The national government has issued a stern warning to investors hoarding licences within the Special Economic Zones, saying their permits will be revoked if they remain inactive.
Speaking on Monday, Investments Cabinet Secretary for Salim Mvurya emphasised the government's commitment to ensuring that SEZs are fully operational.
He warned that the Special Economic Zones Authority will conduct a thorough review of all investors.
“I strongly urge investors to comply within the six-month grace period. Failure to do so will result in the cancellation of their licences by the authority,” Mvurya said.
He also revealed that 97 investors have already expressed interest in establishing operations within the 3,000-acre Dongo Kundu SEZ, with 60 per cent being local investors and 40 per cent international.
Key industries expected to be set up in the zone include energy, pharmaceuticals and glass manufacturing.
In a related development, the government has allocated Sh1.4 billion to compensate 1,648 project affected persons (PAPs) in Mombasa and Kwale counties as part of the Dongo Kundu SEZ project.
According to the CS, the compensation process, set to begin this week, underscores the government's dedication to ensuring the smooth implementation of the SEZ.
The Kenya Ports Authority has successfully verified and streamlined the list of PAPs, and 400 acres of land have been earmarked for their resettlement to safeguard their livelihoods.

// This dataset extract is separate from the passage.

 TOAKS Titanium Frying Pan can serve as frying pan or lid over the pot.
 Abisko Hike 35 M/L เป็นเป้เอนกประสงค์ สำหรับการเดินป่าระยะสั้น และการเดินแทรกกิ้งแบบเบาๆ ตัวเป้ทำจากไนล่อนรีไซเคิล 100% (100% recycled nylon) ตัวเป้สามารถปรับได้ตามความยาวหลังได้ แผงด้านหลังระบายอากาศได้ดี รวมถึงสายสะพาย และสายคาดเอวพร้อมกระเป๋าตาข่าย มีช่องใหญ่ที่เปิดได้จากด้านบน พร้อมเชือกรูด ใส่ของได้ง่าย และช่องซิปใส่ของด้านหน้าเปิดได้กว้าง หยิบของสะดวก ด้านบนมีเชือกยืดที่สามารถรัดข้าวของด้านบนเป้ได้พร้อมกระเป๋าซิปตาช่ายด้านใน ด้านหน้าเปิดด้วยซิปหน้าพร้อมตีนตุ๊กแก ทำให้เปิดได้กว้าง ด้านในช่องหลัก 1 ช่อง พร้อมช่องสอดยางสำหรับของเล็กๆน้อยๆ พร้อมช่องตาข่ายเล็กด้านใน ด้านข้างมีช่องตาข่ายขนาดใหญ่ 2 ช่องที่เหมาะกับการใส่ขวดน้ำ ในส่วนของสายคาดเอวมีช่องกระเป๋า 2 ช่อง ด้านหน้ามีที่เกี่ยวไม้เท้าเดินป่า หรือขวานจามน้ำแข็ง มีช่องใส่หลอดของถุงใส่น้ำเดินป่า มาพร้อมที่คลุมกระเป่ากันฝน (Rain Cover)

“The compensation will commence this week. We are working closely with relevant stakeholders to eliminate any bottlenecks and ensure the successful realisation of this project,” Mvurya added.

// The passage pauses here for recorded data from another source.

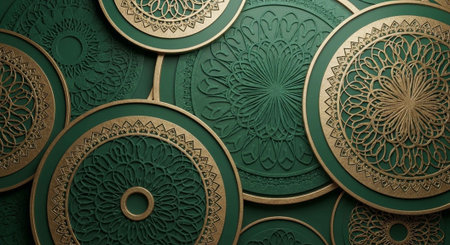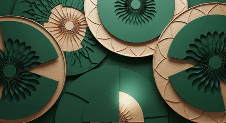A close-up view of intricately designed green and gold paper cutouts arranged in a visually appealing pattern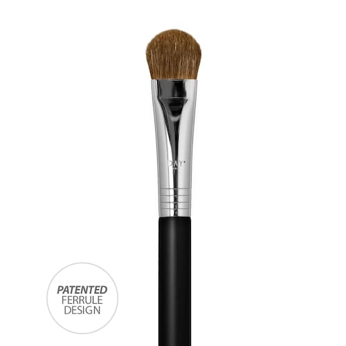 Pincel de cerdas naturais tamanho médio, para aplicação de iluminador e sombras em pó. Pelos naturais de cabra DAYTECH Soft Hair, cabo de madeira com ponteira em cobre prata.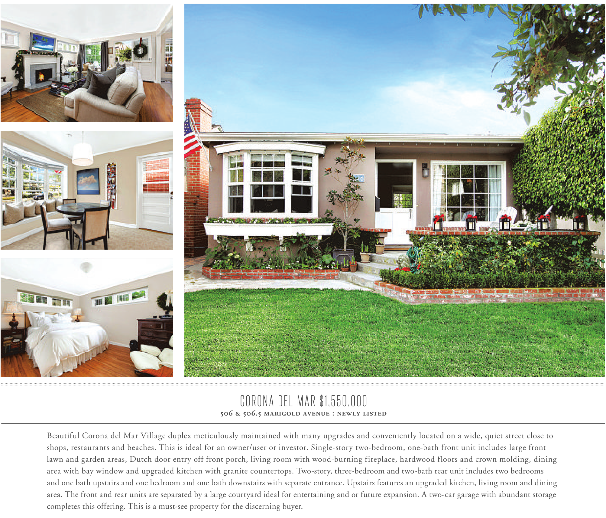 Beautiful Corona del Mar Village duplex meticulously maintained with many upgrades and conveniently located on a wide, quiet street close to shops, restaurants and beaches. This is ideal for an owner/user or investor. Single-story two-bedroom, one-bath front unit includes large front lawn and garden areas, Dutch door entry off front porch, living room with wood-burning fireplace, hardwood floors and crown molding, dining area with bay window and upgraded kitchen with granite countertops. Two-story, three-bedroom and two-bath rear unit includes two bedrooms and one bath upstairs and one bedroom and one bath downstairs with separate entrance. Upstairs features an upgraded kitchen, living room and dining area. The front and rear units are separated by a large courtyard ideal for entertaining and or future expansion. A two-car garage with abundant storage completes this offering. This is a must-see property for the discerning buyer.

The government is also preparing to gazette the Lamu Port South Sudan-Ethiopia Transport Corridor Development Authority SEZ.
Investors in sectors such as desalination, fish processing and pharmaceuticals have already shown interest, with the government aiming to boost investment and business activities in the region.
“The Lapsset SEZ represents a new frontier for robust investment, contributing significantly to the sustainability and increased activity at the Lamu port,” the CS said.
He made these remarks following a harmonisation meeting with the leadership of the KPA, Lapsset and the SEZ Authority.
The meeting, attended by KPA chairperson Benjamin Tayari and his Lapsset and SEZA counterparts Ali Mbogo Fredrick Mutete, respectively, highlighted the need for coordinated efforts and policy harmonisation to overcome challenges and expedite these critical economic projects.